## TASK OBJECTIVE
Return the data below in full and exactly, except that the pictures are dropped.

## THE DATA
[Start of section]

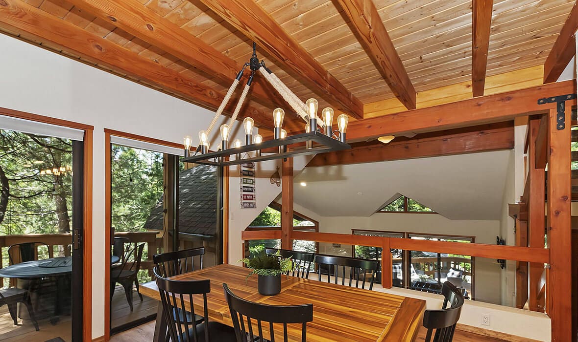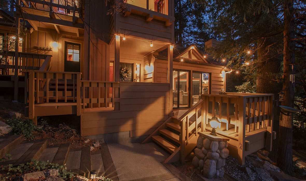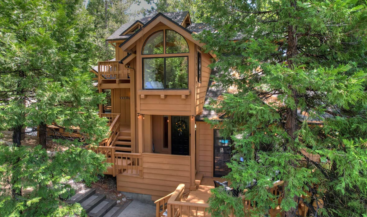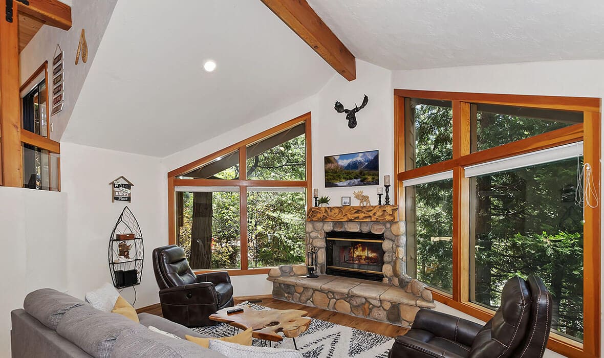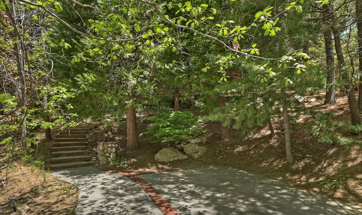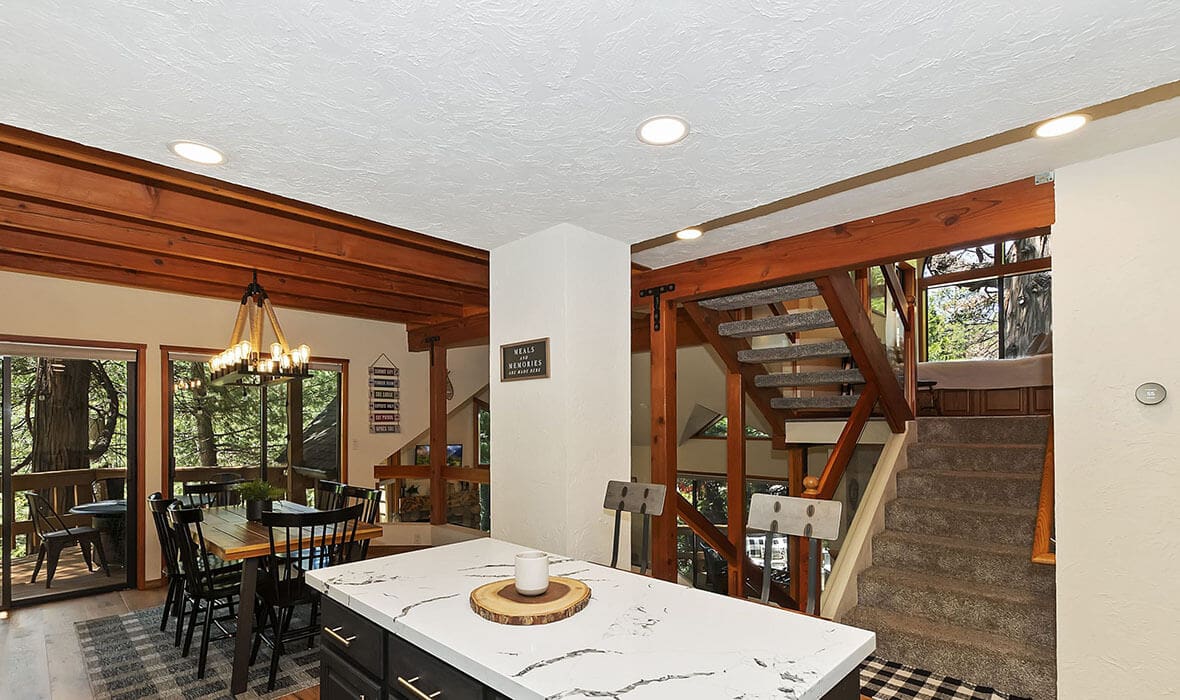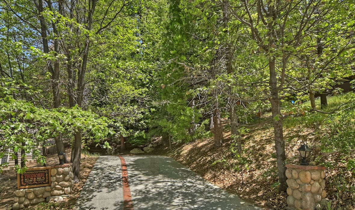 Architectural Stunner with a Rock-Solid Setting. This property gets an A+ for being architecturally interesting and unique. Seriously, check out this forested property adorned with one-of-a-kind natural boulders and generational-sized trees! Adjacent to undeveloped and forested land, it creates a private, nature-driven setting. This split-level home features an open-concept design and an updated kitchen where no tact or taste went to waste. The beautifully updated flooring adds to the home’s modern charm. Every nook and cranny is meticulously crafted, with all rooms boasting vaulted ceilings, even the bathrooms. Each bedroom features a private deck, creating retreat-like oases. Enjoy entertaining on the wonderful deck off the dining room, perfect for cozy conversation and relaxation. Step outside to unwind in the outdoor Jacuzzi or take a stroll along the meandering path that provides a romantic approach to the home and is studded with dozen upon dozen of flowering bulbs and landscaped trees. Situated on an easily accessible street, it offers easy access to Paradise Cove at Private Lake Arrowhead. This home is being offered beautifully furnished and turn-key, making it a perfect retreat-like escape for anyone seeking serenity and peace. Experience the tranquility and charm of this extraordinary property – your mountain sanctuary awaits.
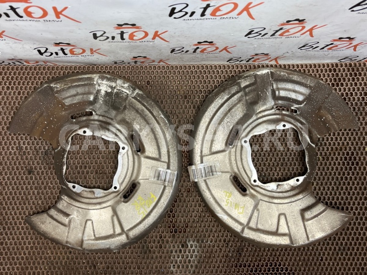 Защитные щитки кожухи задних тормозных дисков БМВ ф10 ф11 ф18 ф06 ф12 ф13.\nМеста креплений щитка к кулаку без коррозии.\nПродажа парой, цена за оба.\n\nЗапчасть снята с японского распила BMW. \nОригинал. \nБез пробега по РФ.
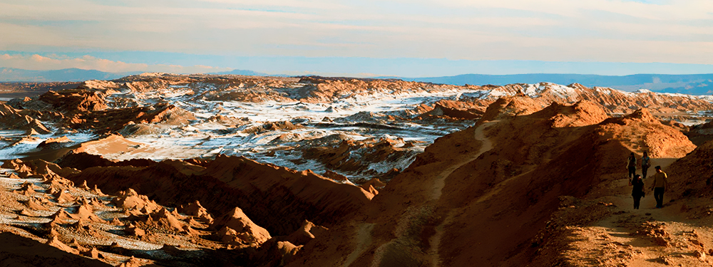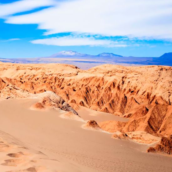 Breakfast at the hotel and transfer to the airport to board the flight to Calama. Meet and greet and transfer to San Pedro de Atacama through the Domeyko and the salty mountain range. In the afternoon, visit the salty mountain range, the Marte Valley (also called Death Valley) and the Moon Valley to admire the spectacular sunset reflected on this wonderful landscape – nature’s own light show. Return to your hotel. Overnight in selected hotel.
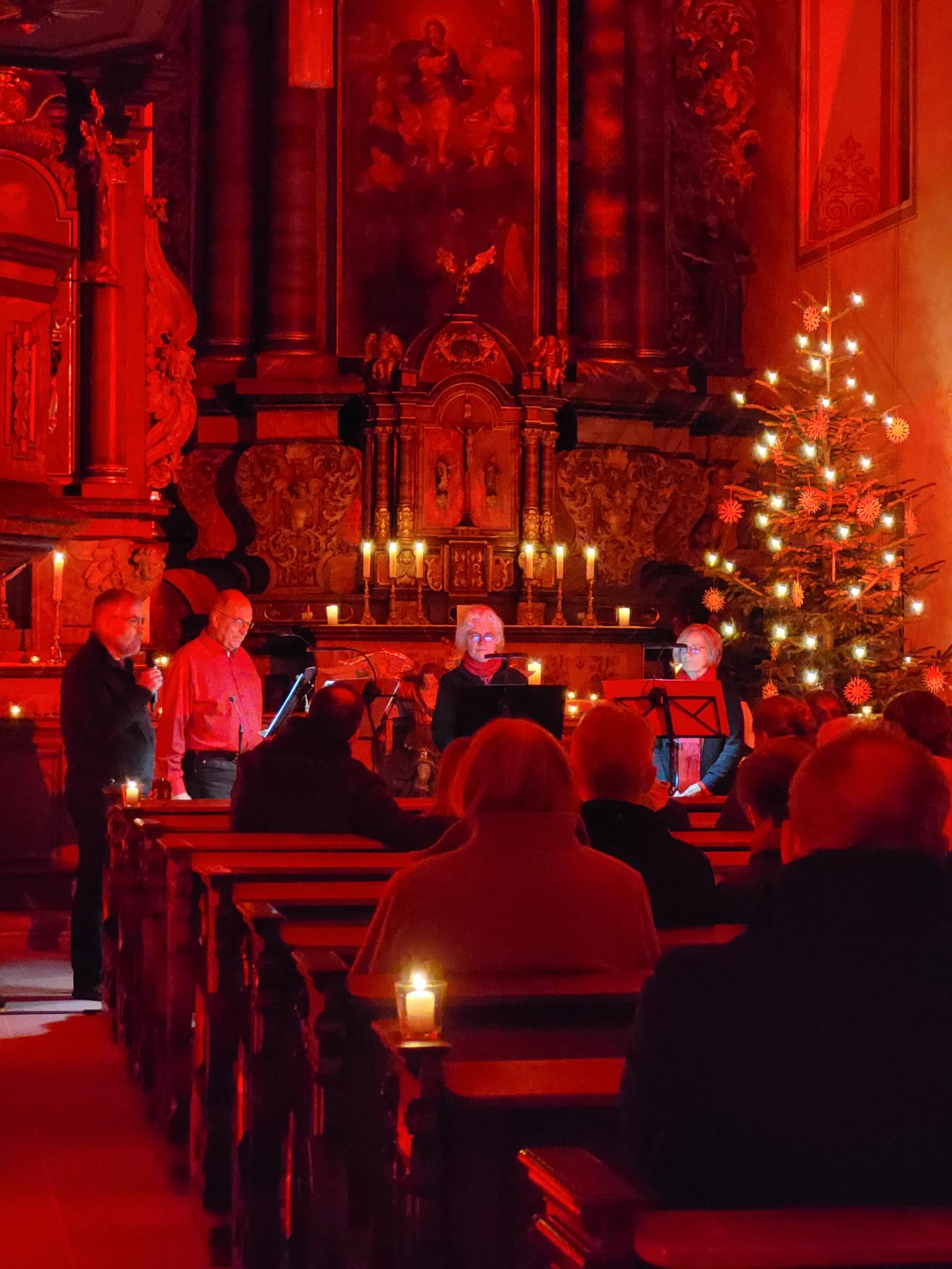 Eine Mischung aus vierstimmiger Chormusik, adventlichen und weihnachtlichen Liedern zum Mitsingen sowie einigen Texten bot den Besucherinnen und Besuchern die Möglichkeit, mitten in den weihnachtlichen Vorbereitungen zur Ruhe zu kommen und sich auf die Botschaft von Weihnachten einzulassen.

[End of section]

## SOLUTION FOR THIS TASK
 Architectural Stunner with a Rock-Solid Setting. This property gets an A+ for being architecturally interesting and unique. Seriously, check out this forested property adorned with one-of-a-kind natural boulders and generational-sized trees! Adjacent to undeveloped and forested land, it creates a private, nature-driven setting. This split-level home features an open-concept design and an updated kitchen where no tact or taste went to waste. The beautifully updated flooring adds to the home’s modern charm. Every nook and cranny is meticulously crafted, with all rooms boasting vaulted ceilings, even the bathrooms. Each bedroom features a private deck, creating retreat-like oases. Enjoy entertaining on the wonderful deck off the dining room, perfect for cozy conversation and relaxation. Step outside to unwind in the outdoor Jacuzzi or take a stroll along the meandering path that provides a romantic approach to the home and is studded with dozen upon dozen of flowering bulbs and landscaped trees. Situated on an easily accessible street, it offers easy access to Paradise Cove at Private Lake Arrowhead. This home is being offered beautifully furnished and turn-key, making it a perfect retreat-like escape for anyone seeking serenity and peace. Experience the tranquility and charm of this extraordinary property – your mountain sanctuary awaits.
 Защитные щитки кожухи задних тормозных дисков БМВ ф10 ф11 ф18 ф06 ф12 ф13.\nМеста креплений щитка к кулаку без коррозии.\nПродажа парой, цена за оба.\n\nЗапчасть снята с японского распила BMW. \nОригинал. \nБез пробега по РФ.
 Breakfast at the hotel and transfer to the airport to board the flight to Calama. Meet and greet and transfer to San Pedro de Atacama through the Domeyko and the salty mountain range. In the afternoon, visit the salty mountain range, the Marte Valley (also called Death Valley) and the Moon Valley to admire the spectacular sunset reflected on this wonderful landscape – nature’s own light show. Return to your hotel. Overnight in selected hotel.
 Eine Mischung aus vierstimmiger Chormusik, adventlichen und weihnachtlichen Liedern zum Mitsingen sowie einigen Texten bot den Besucherinnen und Besuchern die Möglichkeit, mitten in den weihnachtlichen Vorbereitungen zur Ruhe zu kommen und sich auf die Botschaft von Weihnachten einzulassen.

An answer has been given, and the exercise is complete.